Collected data.
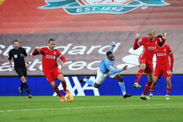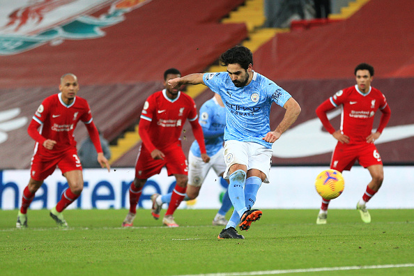דקה 37, מנצ'סטר סיטי החמיצה פנדל! סטרלינג חדר לרחבה של ליברפול והוכשל על ידי פאביניו, השופט אוליבר הצביע מיד על הנקודה הלבנה. גונדואן ניגש לכדור ופספס את המסגרת בגדול עם בעיטה חזקה ולא מדויקת.
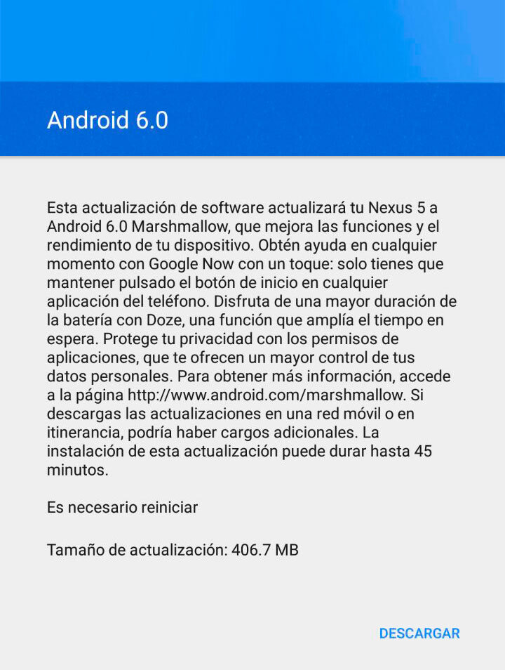 Hace días que Google liberó la última versión de su sistema operativo y los más impacientes lo instalaron de forma manual en su dispositivo, pero tras una espera no tan larga la OTA de Android 6.0 Marshmallow ya está llegando a teléfonos Nexus 5 y 6, además de las tabletas Nexus 7 y 9, y también para el Nexus Player.
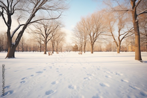 two sets of footprints meandering through a snowy park

Directions. Quote the material in full and exactly; do not carry over its pictures.

Task result.
דקה 37, מנצ'סטר סיטי החמיצה פנדל! סטרלינג חדר לרחבה של ליברפול והוכשל על ידי פאביניו, השופט אוליבר הצביע מיד על הנקודה הלבנה. גונדואן ניגש לכדור ופספס את המסגרת בגדול עם בעיטה חזקה ולא מדויקת.
 Hace días que Google liberó la última versión de su sistema operativo y los más impacientes lo instalaron de forma manual en su dispositivo, pero tras una espera no tan larga la OTA de Android 6.0 Marshmallow ya está llegando a teléfonos Nexus 5 y 6, además de las tabletas Nexus 7 y 9, y también para el Nexus Player.
 two sets of footprints meandering through a snowy park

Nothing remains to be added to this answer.